● ABOUT THIS TASK: Looking at the listing below, retype exactly the lines starting at the one containing "Within minutes, SylWrap" and ending at the one containing "- Санкт-Петербургский государственный", both included, and nothing else.

==== TASK MATERIAL

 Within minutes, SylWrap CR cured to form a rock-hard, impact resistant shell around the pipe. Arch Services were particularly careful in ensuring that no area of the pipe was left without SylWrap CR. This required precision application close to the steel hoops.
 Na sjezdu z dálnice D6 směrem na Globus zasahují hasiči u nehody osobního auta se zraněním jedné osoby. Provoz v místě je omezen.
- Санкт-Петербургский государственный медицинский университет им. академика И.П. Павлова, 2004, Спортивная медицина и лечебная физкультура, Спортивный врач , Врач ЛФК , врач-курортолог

========
==== TASK MATERIAL

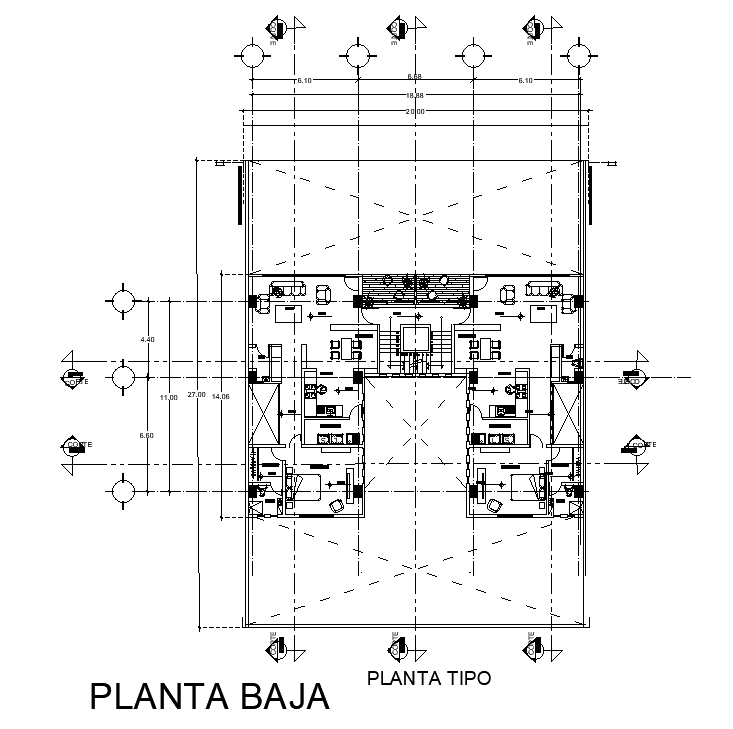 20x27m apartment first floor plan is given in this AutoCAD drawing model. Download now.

========
==== TASK MATERIAL

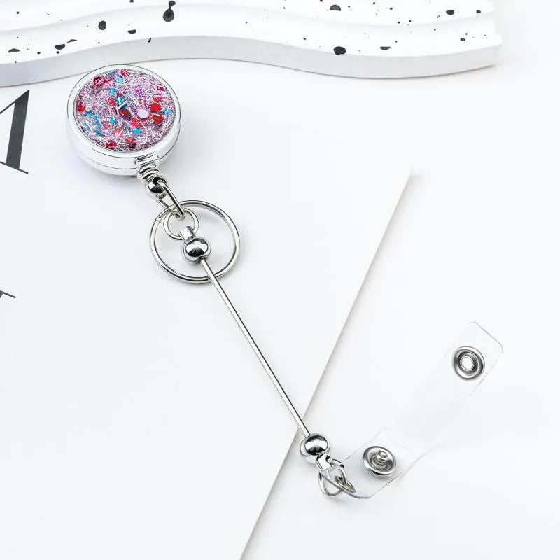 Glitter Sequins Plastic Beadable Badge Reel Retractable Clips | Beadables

========

● ANSWER BELOW:
 Within minutes, SylWrap CR cured to form a rock-hard, impact resistant shell around the pipe. Arch Services were particularly careful in ensuring that no area of the pipe was left without SylWrap CR. This required precision application close to the steel hoops.
 Na sjezdu z dálnice D6 směrem na Globus zasahují hasiči u nehody osobního auta se zraněním jedné osoby. Provoz v místě je omezen.
- Санкт-Петербургский государственный медицинский университет им. академика И.П. Павлова, 2004, Спортивная медицина и лечебная физкультура, Спортивный врач , Врач ЛФК , врач-курортолог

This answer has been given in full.